> [EXERCISE DETAILS]
Retype nothing except the lines below from the one with "В номере: вешалка, диван" through the one with "EMKE Specchio da", exactly, with images left out.

Records drawn from a dataset:
━━━━━━━━━━
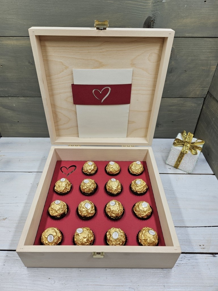 Az ár tartalmazza az ajándékdobozt és az általad kiválasztott édességet vagy kávét vagy teát, + 9 fakkos kivehető fa tea filter tartó betétet, illetve 1 darab üres borítékot. ( A borítékba személyre szóló jókívánság kártyát, üzenetet tudsz tenni.)
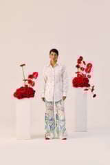 Floral Printed Linen Wide Leg Pants
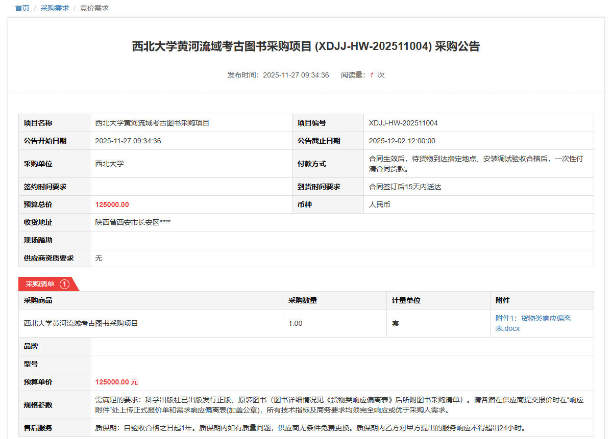 乐鱼网页版页面登录黄河流域考古图书采购项目(XDJJ-HW-202511004)竞价采购公告
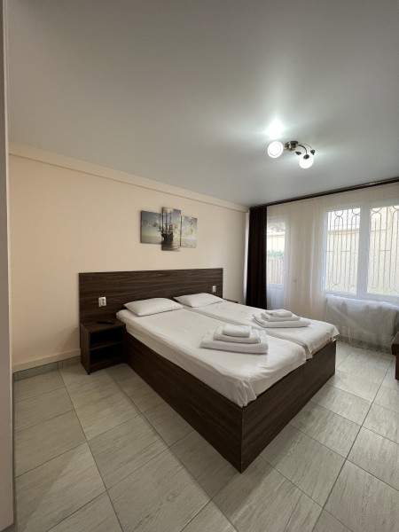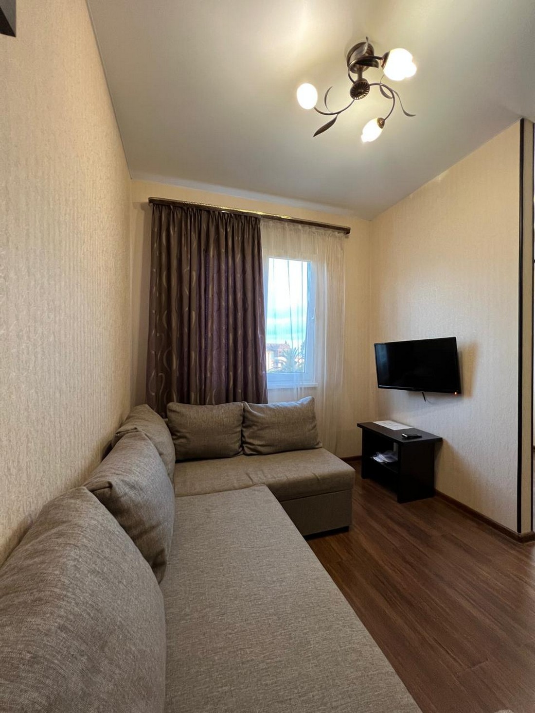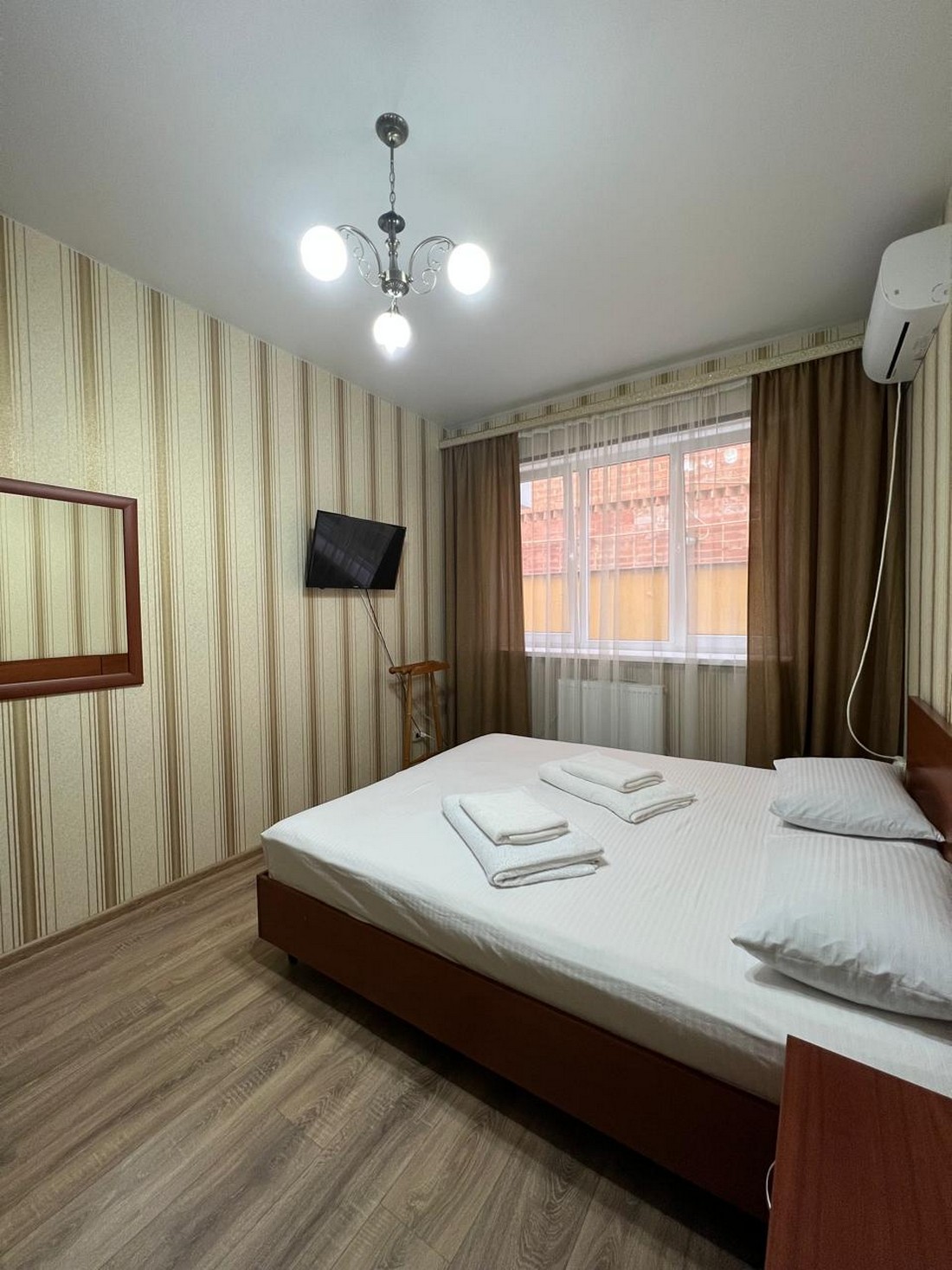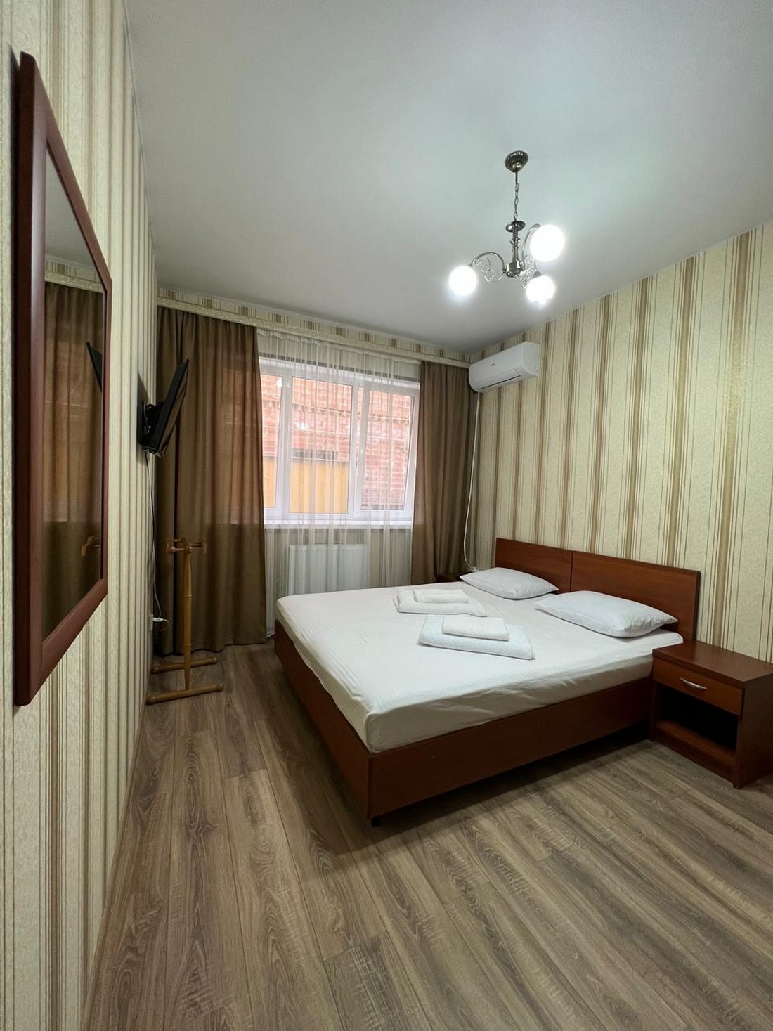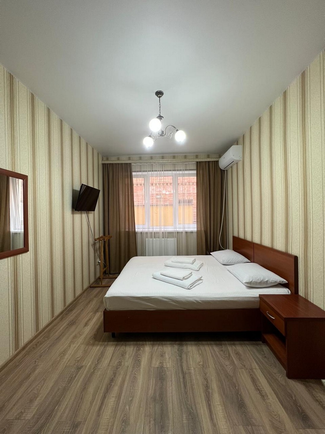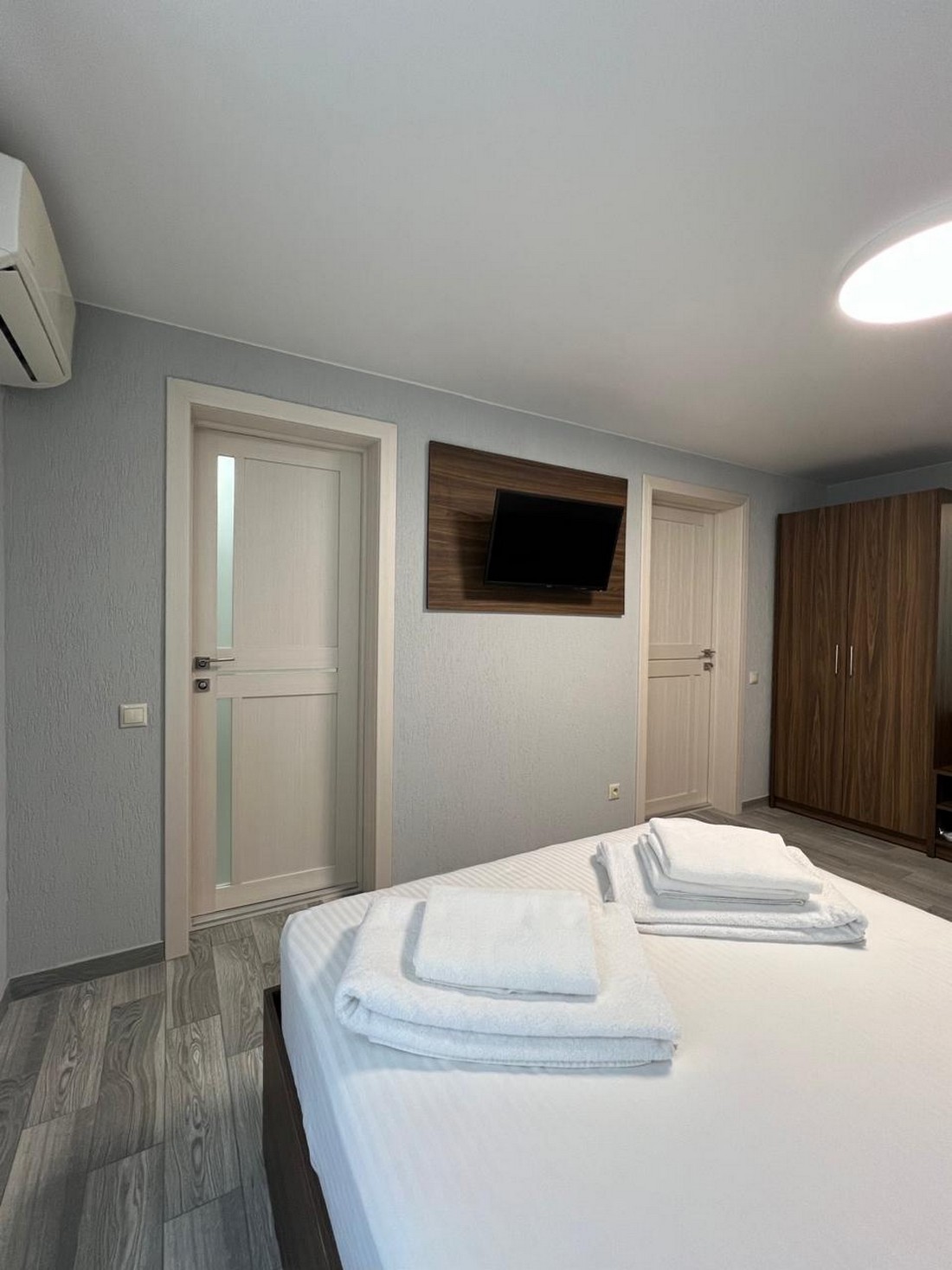 В номере: вешалка, диван раскладной, кровать двуспальная, шкаф, микроволновая печь, набор посуды, плита электрическая, сейф, сплит-система, телевизор, холодильник, чайник, чайный набор посуды
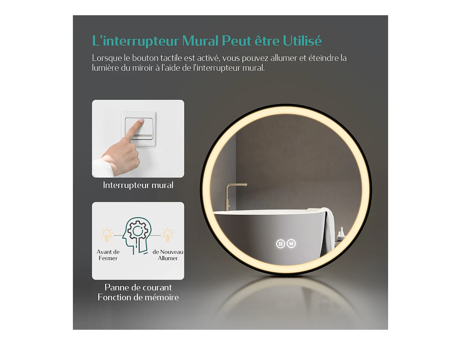 EMKE Specchio da bagno a LED Specchio con antiappannamento, dimmerabile, funzione memoria, luce neutra, diametro 80 cm Cornice nera
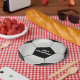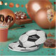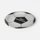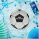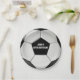 El fútbol se divierte - las placas de papel temáticas, con los gráficos de un balón de fútbol blanco y negro como el fondo. Personalice el texto blanco para sus deportes especiales - el acontecimiento temático, las servilletas de papel a juego y las invitaciones están disponibles.
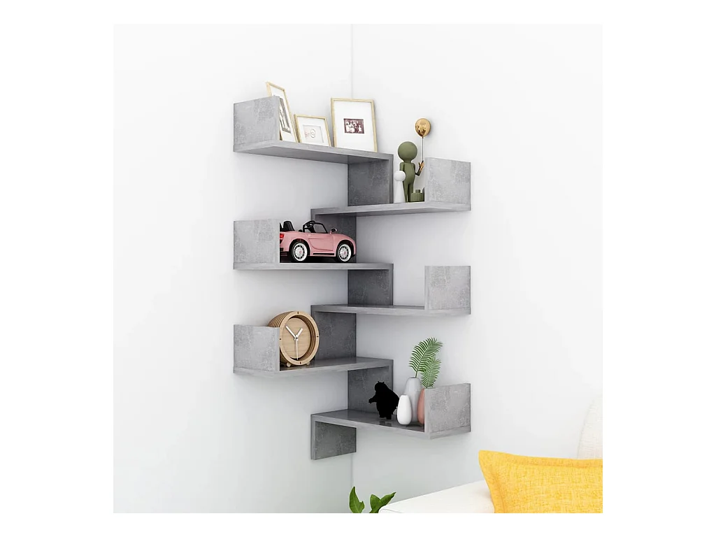 Étagère d'angle murale Gris béton 20x20x127,5 cm Aggloméré OFR36833 BonneVie Meuble
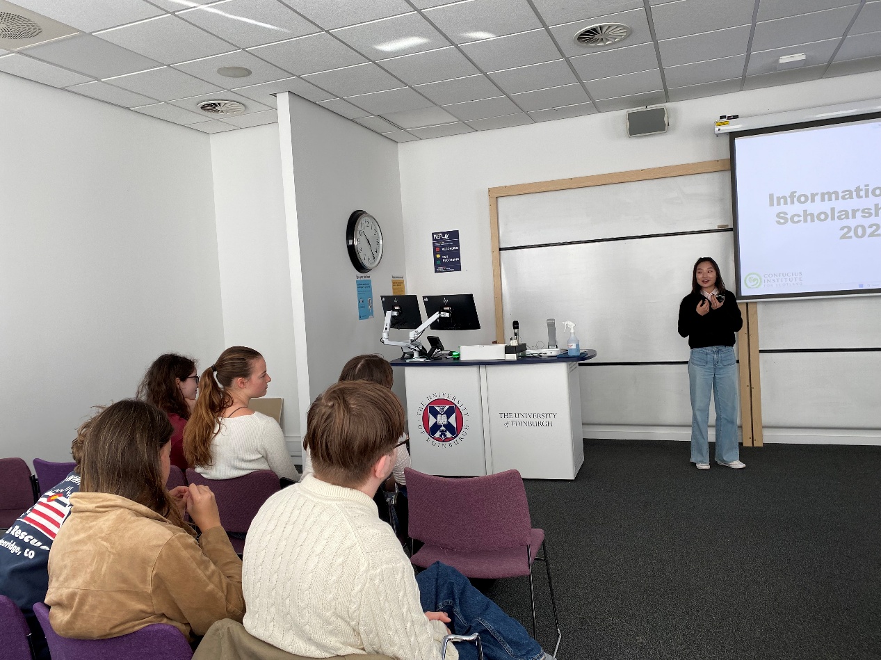 开学第一周,苏格兰孔子学院在爱丁堡大学向中文专业学生推介国际中文教师奖学金项目。
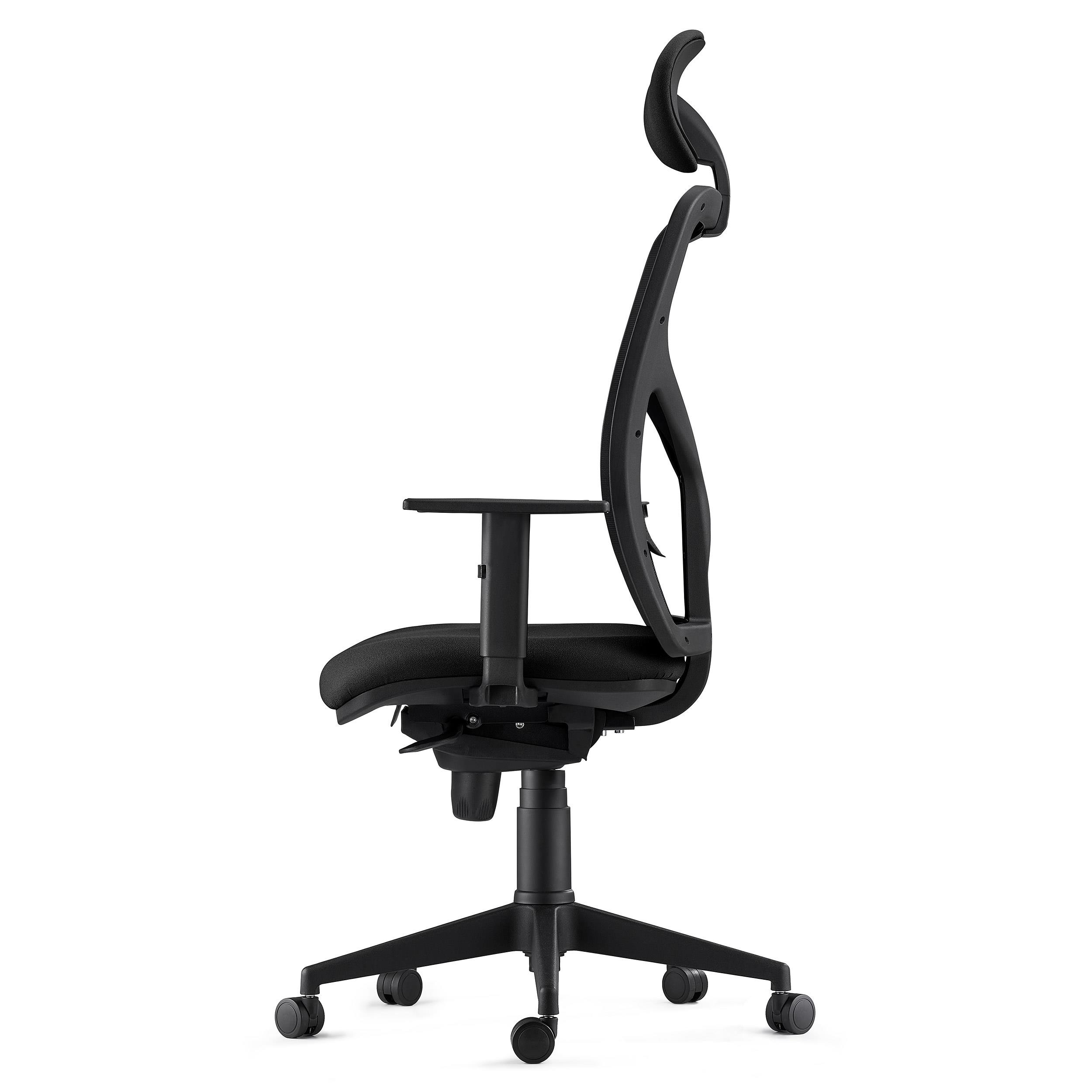 Wygoda jest tym, co definiuje prezentowany model. Komfort został osiągnięty przede wszystkim dzięki ergonomii projektu, która przyczynia się do zachowania optymalnej pozycji ciała podczas pracy na krześle. Dodatkowo grube wypełnienie siedziska oraz oparcie z podparciem lędźwiowym z regulacją wysokości wpływają na jeszcze większą wygodę.
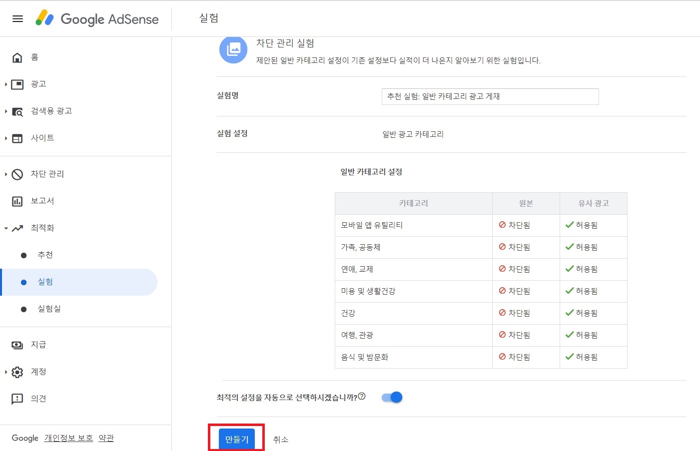 구글 애드센스 수익 증대를 위해 해본 일 1. 구글 애드센스 광고 차단 관리 및 최적화 실험에 도움이 된다고 해서 남들이 하는 것처럼 수익이 적은 광고 위주로 차단해 봤는데 오히려 수익이 줄어든 기억이 있습니다. 그래서 원래 옷을 입었고 지금은 만지지 않았습니다. 확인해보니 오히려 수익이 줄어든 분들도 있더라구요.
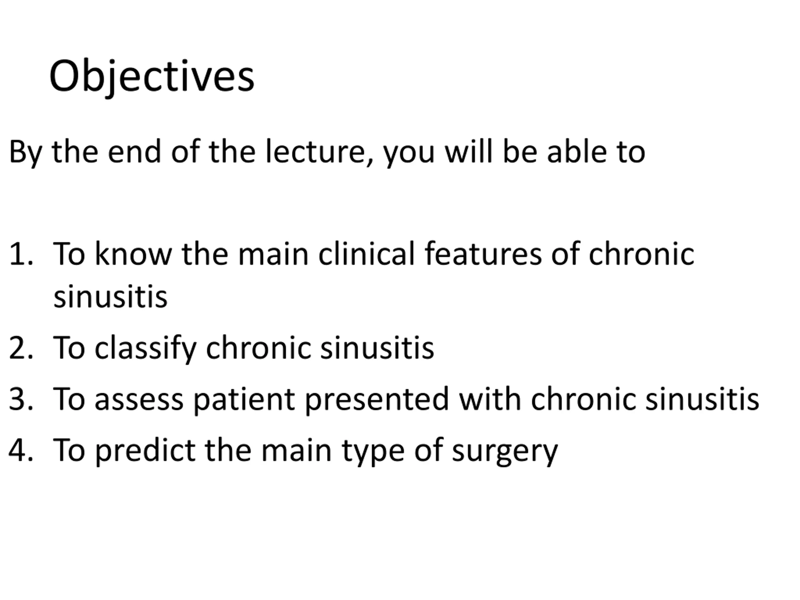 Objectives By the end of the lecture, you will be able to 1. To know the main clinical features of chronic sinusitis 2. To classify chronic sinusitis 3. To assess patient presented with chronic sinusitis 4. To predict the main type of surgery
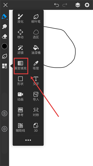 2、在功能菜单里选择【渐变填充】工具,即可进入渐变效果的设置界面,为图形添加色彩过渡啦。
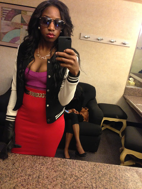 Jacket- Members Only; Crop Top- Cotton On; Body Con Skirt- Primark; Gloves- H&M; Necklace- ALDO; Sandals- Reflection; Belt- Primark
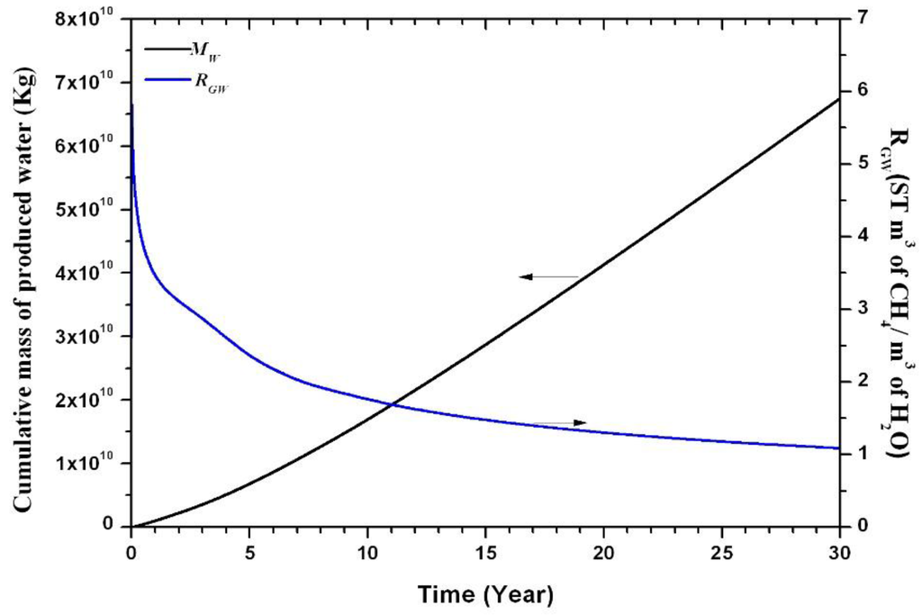 Figure 8 shows the evolution of the cumulative mass of the produced water (MW) and gas-to-water ratios (RGW = VP/MW) overtime. As shown in Figure 8, MW increases continuously, and the rate of water production increases over time. The final MW is 6.75 × 1010 kg, which leads to an average water production rate of 6.16 × 106 kg/day. RGW also presents a continuous decreasing trend. After t = 30 days, RGW is smaller than 5, which is uneconomical [50]. The large amount of water production is mainly caused by the thin overburden of this system. The thickness of the overburden is just 9 meters, and the pressure difference between seawater and wellbore is over 3.5 MPa. Therefore, seawater easily flows through the overburden to the wellbore.
━━━━━━━━━━
> [RESULT FOR THIS EXERCISE]
 В номере: вешалка, диван раскладной, кровать двуспальная, шкаф, микроволновая печь, набор посуды, плита электрическая, сейф, сплит-система, телевизор, холодильник, чайник, чайный набор посуды
 EMKE Specchio da bagno a LED Specchio con antiappannamento, dimmerabile, funzione memoria, luce neutra, diametro 80 cm Cornice nera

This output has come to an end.